JSONDecodeError: Expecting value: line 1 column 1 (char 0)

charred light Feb 3, 2023, 12:03 AM

#

hard rover it doesn't gives the same error

Ok, actually. This error & df.drop(df1[(df1['STRIKE'] <17000) & (df1['STRIKE'] > 19000)].index, inplace=True) are two separate things.

#

The JSON decodeError is basically saying you have something invalid from your scraping.

hard rover Feb 3, 2023, 12:03 AM

#

but it was scraping just fine right now

charred light Feb 3, 2023, 12:04 AM

#

hard rover but it was scraping just fine right now

Well, if you scrape to often, the website can auto ban you.
But you should be checking the status code.

hard rover Feb 3, 2023, 12:05 AM

#

how can I know if they banned me?

#

i can access the site in my browser

charred light Feb 3, 2023, 12:05 AM

#

hard rover how can I know if they banned me?

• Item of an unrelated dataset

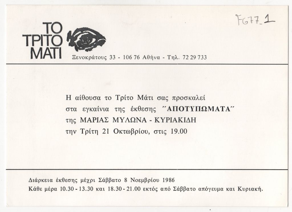 Έντυπο, στα ελληνικά, μονόφυλλο, χαρτόνι, 12,2×17,1 εκ. Πρόσκληση εγκαινίων της ατομικής έκθεσης έργων της Μαρίας Μυλωνά-Κυριακίδη με τίτλο «Αποτυπώματα» στην γκαλερί “Το Τρίτο Μάτι” στην Αθήνα τον Οκτώβριο του 1986.

By checking the status code. print(response.status_code) and seeing what the response is

#

More detailed list. https://developer.mozilla.org/en-US/docs/Web/HTTP/Status

hard rover Feb 3, 2023, 12:06 AM

#

401

#

unauthorized

tribal fog Feb 3, 2023, 12:07 AM

#

hard rover JSONDecodeError: Expecting value: line 1 column 1 (char 0) During handling of t...

Dont ping me cheif

hard rover Feb 3, 2023, 12:07 AM

#

tribal fog Dont ping me cheif

lol, what are the odds xD

#

sorry

tribal fog Feb 3, 2023, 12:07 AM

#

hard rover sorry

Its okay cheif i forgive you

charred light Feb 3, 2023, 12:07 AM

#

tribal fog Dont ping me cheif

Lmao, didn't even notice. Collateral damage.

#

That's actually pretty funny

hard rover Feb 3, 2023, 12:08 AM

#

yea xD

#

it says 401 for u as well

tribal fog Feb 3, 2023, 12:08 AM

#

charred light That's actually pretty funny

Thanks cheif

charred light Feb 3, 2023, 12:08 AM

#

But yea, 401 means you didn't scrape successfully. And your response is empty.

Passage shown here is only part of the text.